Adoptive parents. The motivation for most of them is the desire to give the child love and a complete family. Usually, such parents have their own children, and they are prompted by some incident or even just a meeting to become foster parents for another child.

For example, we know volunteers who constantly traveled to the East of Ukraine, saw children and the conditions in which they live, and this motivated them to help and adopt children into their families.

Adoptive parents Usually these are people who do not have or cannot have biological children of their own for some reason, but want to have a complete family (in their words) by adopting a child. Often they choose adoption, mainly focusing on young children. In general, this motivation is probably 60%.

There are cases when people who have lost everything sought to adopt a child. Once a woman from Mariupol came to our training. She was ready to accept up to five children into the family; said that she understands how much the child needs a family, and wants to give it to them.
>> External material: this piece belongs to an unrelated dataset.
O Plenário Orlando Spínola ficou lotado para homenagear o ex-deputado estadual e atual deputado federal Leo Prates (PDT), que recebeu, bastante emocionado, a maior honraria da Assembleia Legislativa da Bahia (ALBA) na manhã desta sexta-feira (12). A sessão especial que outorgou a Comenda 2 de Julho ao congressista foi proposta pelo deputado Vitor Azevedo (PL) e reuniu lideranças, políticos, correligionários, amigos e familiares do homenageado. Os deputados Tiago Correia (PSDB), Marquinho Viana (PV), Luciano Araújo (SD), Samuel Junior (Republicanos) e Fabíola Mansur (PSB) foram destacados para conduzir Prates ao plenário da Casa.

There are candidates who themselves were brought up in foster families or family-type children’s homes and now also have a desire to help children, as they once helped them.

At the same time, we are now observing another motivation – “hidden”. In this case, the main impetus for adopting a child into the family is to receive armor from mobilization. This motivation worries us a lot. After all, when the war ends, the question may arise as to what will happen next to these children who have “fulfilled their function” – will they remain in their families or not.
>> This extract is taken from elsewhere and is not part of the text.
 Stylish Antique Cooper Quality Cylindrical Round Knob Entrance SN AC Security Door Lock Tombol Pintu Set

It also sometimes happens that people come to us for training, but then refuse because they understand how difficult it will be for them. And it is very good when the realization of this happens in time.

In our practice, there was a mature couple who already have adult children and grandchildren. But already after the first day of training, they gave up on this idea – because of their certain tragic circumstances, which they have not yet managed to survive.

Another telling case is when people came as potential adopters and later decided to become adoptive parents. The motivation for them was the desire to give children a family, proper care, care and love. They wanted to adopt one child, but ended up taking three.

There are parents who are ready to accept a child with a disability and do everything to improve his adaptation in society. But these are isolated cases.

All these examples testify to the gradual transformations in our society regarding the readiness to take children into families, the awareness of the harm of the institutional system for children and the development of family forms of upbringing as an inseparable component in ensuring the right of every child to grow up in a family. And if you have long been considering the issue of adoption or creating a foster family, a family-type orphanage, you can get all the necessary information about the requirements for candidates in the chatbot of the IBO “BF “SOS Children’s Town” Ukraine at link.

Anastasia Marynovychspecialist in the field of alternative forms of education of MBO “BF “SOS Children’s Towns” Ukraine, especially for UP. Life

Publications in the “View” section are not editorial articles and reflect exclusively the author’s point of view.